When the burner starts, the fuel chamber 1 is located within the hydraulic cylinder 14. A Thermostat 27 measures the temperature in the heat exchanger 6 at the transition point of the combustion air duct between feed pipe 7 and flow space 5 and switches via a not shown in the drawing Switch on the resistance heater 10. With sufficiently preheated combustion air and appropriate Temperature at the thermostat 27 is a signal to a controller, not shown in the drawing Switching on the feed pump 22 given. The then flowing into the interior 20 of the hydraulic cylinder Fuel pushes the fuel chamber 1 into the flow space 5 and at the same time flows through the Fuel line 26 into the interior of the fuel chamber 1 a. Part of the fuel penetrates the porous walls 2 and evaporates on their surface. The remainder of the fuel flows through the drain line 28 controlled by the flow control valve 29 back into the Storage tank. In the flow space 5, a stoichiometric fuel-air mixture is formed, which in the Combustion zone 9 is ignited.

When the burner is in operation, after the heat exchanger tube 6 has been sufficiently heated, the resistance heater is activated 10 switched off.

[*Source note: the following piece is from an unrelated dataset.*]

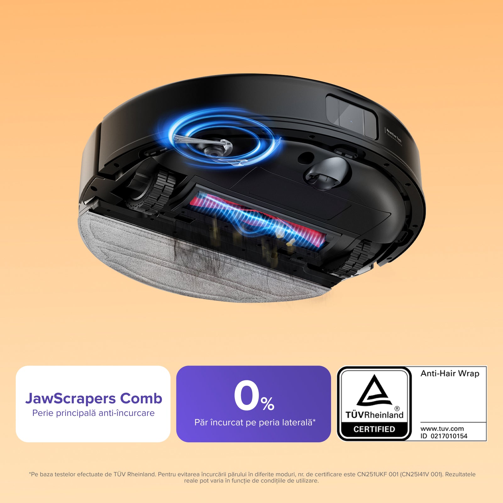 Dotat cu peria principală anti-încurcare Pieptenele JawScrapers și cu perie laterală anti-încurcare, acest sistem avansat asigură funcționarea mai lină și întreținere redusă.

To switch off the burner, the feed pump 22 is switched off and the fuel supply is blocked. in the The fluid pressure drops in the interior 20 of the hydraulic cylinder 14. The fuel chamber 1 is of pulled out of the flow space 5 by the force of the spring 24. The flame in the combustion zone 9 goes out. In this way, not only are fuel losses reduced, in particular none can Afterburning occur.

1 sheet of drawings

Claims (5)

Patent claims: 1. Burner for the formation and combustion of an ignitable mixture of liquid fuel and combustion air, which has a closed fuel chamber for the supply of fuel for the fuel permeable porous walls, which in one of preheated combustion air to the combustion zone through which flow space is arranged, characterized in that that the porous walls (2) of the fuel chamber (1) for switching the burner on and off can be separated from the flow space (5). 2. Burner according to claim 1, characterized in that the fuel chamber (1) against the Is arranged displaceably in the flow space (5) by force of a spring (24). 3. Burner according to claim 1 or 2, characterized in that the fuel chamber (1) is hydraulically displaceable. 4. Burner according to claim 3, characterized in that the hydraulic operating medium liquid fuel is used. 5. Burner according to claim 4, characterized in that at least one fuel line (26) from the interior (20) of a hydraulic cylinder (14) leading to the fuel chamber (1) to the interior the fuel chamber (1) is guided and that in a connected to the fuel chamber (1) Drain line (28) for the fuel, a flow control valve (29) is used.